La part de loyer de l'enfant : grille d'âge et plafond de 80 %
La grille par âge (20/25/30 %) appliquée en garde exclusive reflète une pratique répandue, mais aucune source unique et incontestable n'a pu être identifiée pour la confirmer avec certitude à l'exclusion de toute autre méthode. Il en va de même du plafond cumulé de 80 % appliqué dans les deux modes de garde, retenu par prudence pour qu'un loyer ne soit jamais absorbé en quasi-totalité par la part des enfants, sans qu'aucune source ne fixe ce seuil précis plutôt qu'un autre. Le détail exact du mécanisme est présenté ci-dessus.

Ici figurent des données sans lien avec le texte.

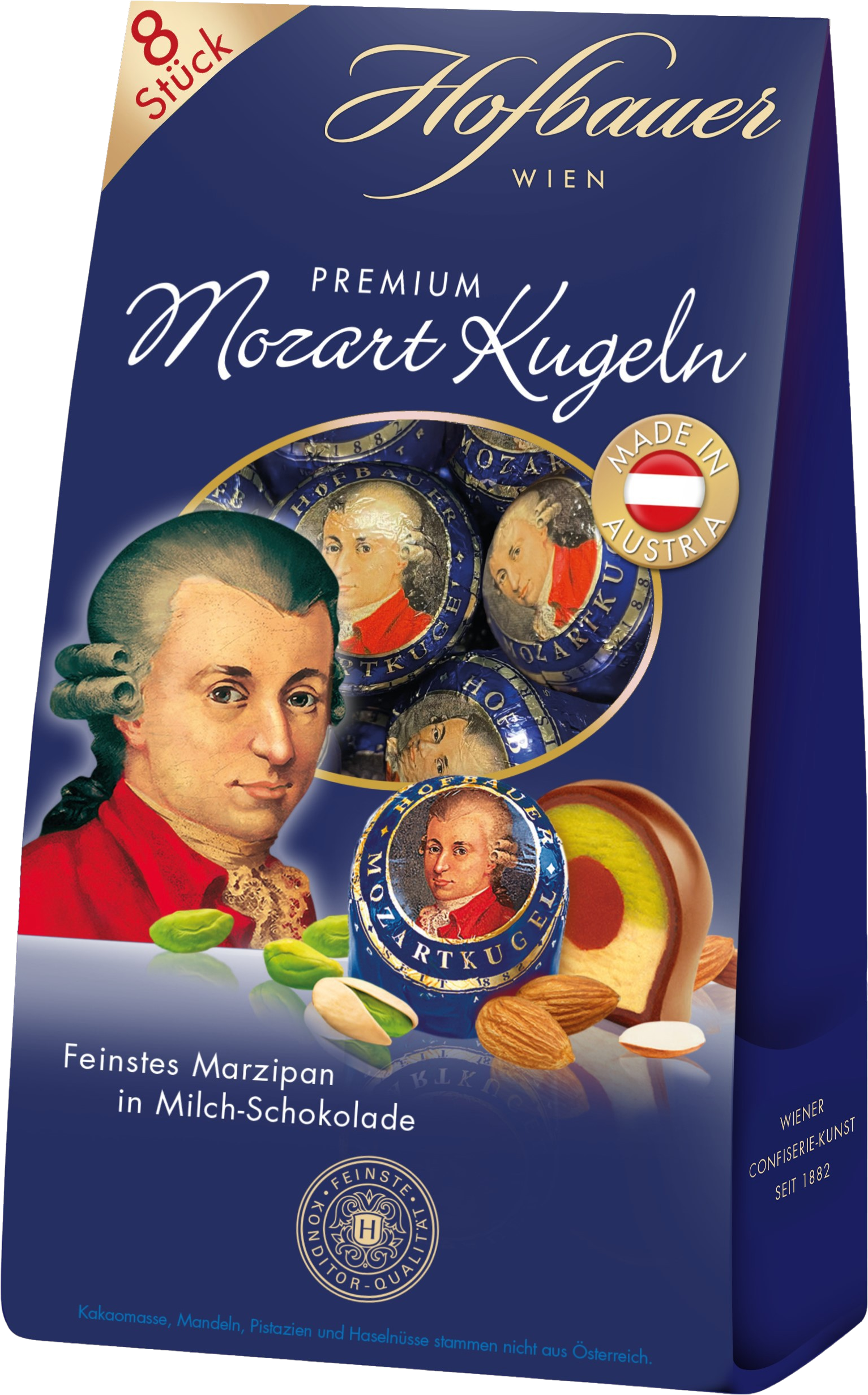 Zanurz się w wiedeńskiej tradycji cukierniczej z Hofbauer Mozartkugeln w mlecznej czekoladzie. Ekskluzywne praliny łączą w sobie trzy luksusowe warstwy: środek z delikatnego marcepanu, następnie marcepan pistacjowy i kremowe, nugatowe nadzienie z orzechów laskowych. Wszystko to oblane jest rozpływającą się w ustach mleczną czekoladą, dzięki czemu każda kulka to prawdziwa symfonia smaku.

La part d'excédent de l'enfant sans besoins déclarés
Le Tribunal fédéral a expressément laissé ouverte, dans l'ATF 152 III 81 (consid. 5.4.2 in fine), la question de savoir comment traiter les frais d'activités extrascolaires d'un enfant dans le partage de l'excédent. La cause a été renvoyée à l'instance cantonale sans que le TF tranche lui-même la méthode exacte. Le calculateur comble ce vide par une fourchette (besoins réels documentés et part théorique par tête) plutôt qu'un chiffre unique, l'une des méthodes envisageables parmi d'autres observées en pratique.
Les enfants majeurs
L'entretien de l'enfant majeur (art. 277 al. 2 CC) obéit à des règles substantiellement différentes de celui de l'enfant mineur : il est dû directement à l'enfant devenu majeur, conditionné à une formation appropriée non encore achevée, et de priorité inférieure à l'entretien des enfants mineurs (art. 276a al. 1 CC). Ce cas n'est pas traité par le calculateur, qui affiche un avertissement explicite dès qu'un enfant de 18 ans ou plus est saisi plutôt que de produire un résultat inadapté.
La table de von Werdt
Utilisée en garde exclusive étendue pour déterminer le taux de contribution du parent débiteur, cette méthode a été appliquée par un tribunal cantonal dans une décision publiée. Les 121 valeurs codées ont été vérifiées intégralement, case par case, contre une reproduction complète du tableau citant l'arrêt TF 5A_117/2021 (consid. 4.2), et recoupées avec un exemple chiffré réel tiré d'une décision de la Cour d'appel du canton de Zurich (LE210039-O/U, 27 janvier 2022). Voir l'article dédié pour le détail, les sources et les réserves de vérification.